La calle atruena, en Oaxaca todo es sonido, incluso el estallido de color restalla, vibra, a veces hasta dolorosamente. Personajes célebres troquelados en banderolas plásticas tricolores cuentan a los más pequeños y a los guiris las caras de la independencia en dibujos. Dije que los niños son niños, pero hay algo de inexactitud en mis palabras...

Un hombre sin una pierna, apoyado en sus rústicas muletas de madera, con un aire a Nick Cravat, el compañero de volatines de Burt Lancaster en El halcón y la flecha y un deslenguamiento semejante, se revuelve cuando un policía urbano le aconseja de malos modos que no puede enseñarme, ni siquiera con el justificante de su sonrisa de pillo, cómo maneja la aguja de hacer crochet —¡ni me planteo recordar cómo era que dijo que se denomina en lengua nativa!—. No retira sus ojos de mí, estudiando el efecto de su discurso. Asegura que es él quien confecciona esas bolsas colgantes para el móvil o los pesos. Me extraña por los colores... Huelo en las horas del hilo, unas manos de mujer.

Entonces, sus groserías retadoras a la autoridad comienzan a reproducirse salazmente ante mis inexpertos oídos, tan repentinas como los conejitos de la serie de Fibonacci. Muleta en ristre marcha de la vecindad de la turista no sin antes volverse para recordarle al mugriento pinche policía: “¡Ni se te ocurra ponerme la mano encima, guey!”, ante la complicidad de la camarera.

Los pasillos del convento de Santo Domingo tienen algo del Unterhalten berlinés. Observadas sus bóvedas repintadas a la luz adormecida por el pasillo inacabable te transportan al golpeteo de botas soldadescas en otras guerras hasta que el despertar te acomete mirando aquel cartel que anuncia, “Tesoros de la tumba 7”. Un complicado sistema de numeraciones para designar a los individuos en el Oaxaca zapoteco termina por levantarme dolor de cabeza. Conejo cuatro o jaguar trece, ¿me recibes? Chiucu, chuna, ala llichi..., se revelan inasequibles a la mnemotecnia. Repaso los relatos sobre los guerreros, ¿qué hacían ellas? ¿Acaso las pinzas de depilar del tesoro eran cosa de hombres?

Un brasero con rostro humano, el de un dios poco benévolo, pero al que se puede asir con las manos.

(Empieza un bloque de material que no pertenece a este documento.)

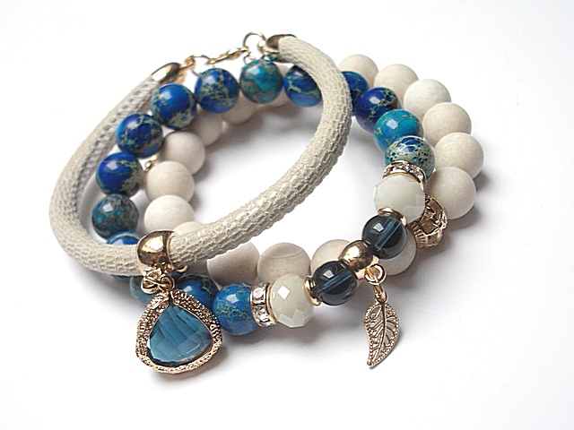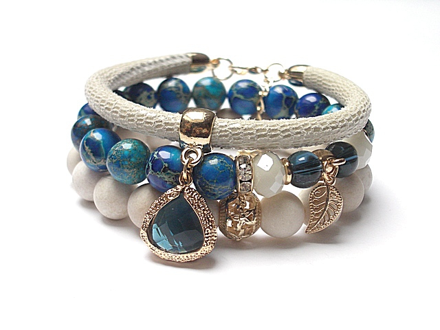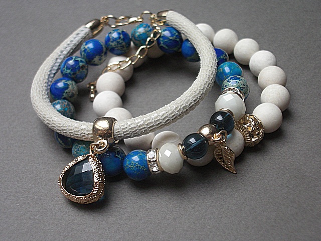 PROJEKT AUTORSKI. Komplet trzech bransoletek wykonany z kamieni naturalnych - matowy marmur [10mm], jaspis cesarski [10 mm], zawieszki ze szkła w oprawie, krysztalków [10mm], szklanych kuleczek [8mm], rzemienia z naturalnej, miękkiej, koziej skóry [śr. 6mm] oraz elementów metalowych w kolorze tzw. różowego złota. Pasują na nadgarstek 16-17cm. Bransoletki z kamieni na gumce silikonowej. Biżuteria ozdobnie zapakowana.

Balcones al museo Etnobotánico desde el que los oaxaqueños no se pueden asomar. Puede ser que arrojarse desde el ventanal sobre un paraíso posible no entrara en la categoría de suicidio, ¿y entonces? Colores, dimensiones inesperadas, frondosidad natural, no impostada. El aire no se mueve; los rumores de la gente, sí. Observando este arrebato de lo que para mí son cactus y aquí es un volumen de nombres, me distancio y pienso en la sabiduría del dejar hacer a la naturaleza. Ella sabrá escoger las especies idóneas para apropiarse del paisaje, incluso dotar de una belleza agreste y amenazante sobre los sillares. No hay más que viajar a Butrint... ¡Al demonio con el césped y el perfil recortado del golfista, dueño y señor de los áridos de La Mancha en la locura mimética de lo que nunca fue ni será Bristol!